The Intended Audience
Signal integrity engineering is a young and evolving science where few who proclaim to know it all. Writing this book has been a journey of discovery for the authors, and we have every reason to believe it will be a rewarding journey for you. We have no doubt that some topics discussed in this book will provoke debate as there is much to be standardized in this branch of engineering. However, indisputable principles are presented in this book that underlie signal integrity engineering. These principles give the emergent engineer a basis on which to build the knowledge and understanding necessary for good signal integrity engineering. Therefore, this book is recommended reading for the student signal integrity engineer and the practicing engineer whereby the authors present a wealth of applications that illustrate good practice and show the development, test, and validation of modern digital systems.

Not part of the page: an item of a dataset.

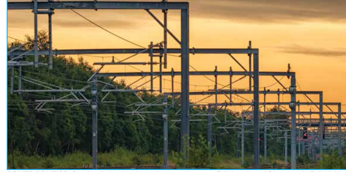
POWER POLITICS: Scotland's busiest inter-city route between Edinburgh and Glasgow via Falkirk High is being electrified as part of EGIP (the Edinburgh to Glasgow Improvement Programme)

The case for further electrification remains strong as one element of route modernisation to improve the capacity, quality and resilience of the railway for passengers and freight customers, but it may not be the first priority. Our job is to articulate that case clearly and move opinion formers to the position where it is no longer a threat, but part of a structured solution to delivering the bigger and better railway we all want to see. Then it becomes

While the book is naturally partitioned into chapters of diverse topics a common thread runs throughout the book. Each chapter provides a guide for the reader by presenting the necessary prerequisites of a topic before detailing complex design or test applications. Consequently the experienced engineer can approach a topic by stepping through the beginning of a chapter and concentrating on the detail in the applications and advanced topics. No signal integrity book claims to be all encompassing, and this book is no exception. You may need to consolidate your understanding of the theory of signal integrity engineering via in-depth theoretical texts in the Prentice Hall SI series. Nevertheless, much of this book is self-contained in terms of addressing a wide audience in signal integrity engineering.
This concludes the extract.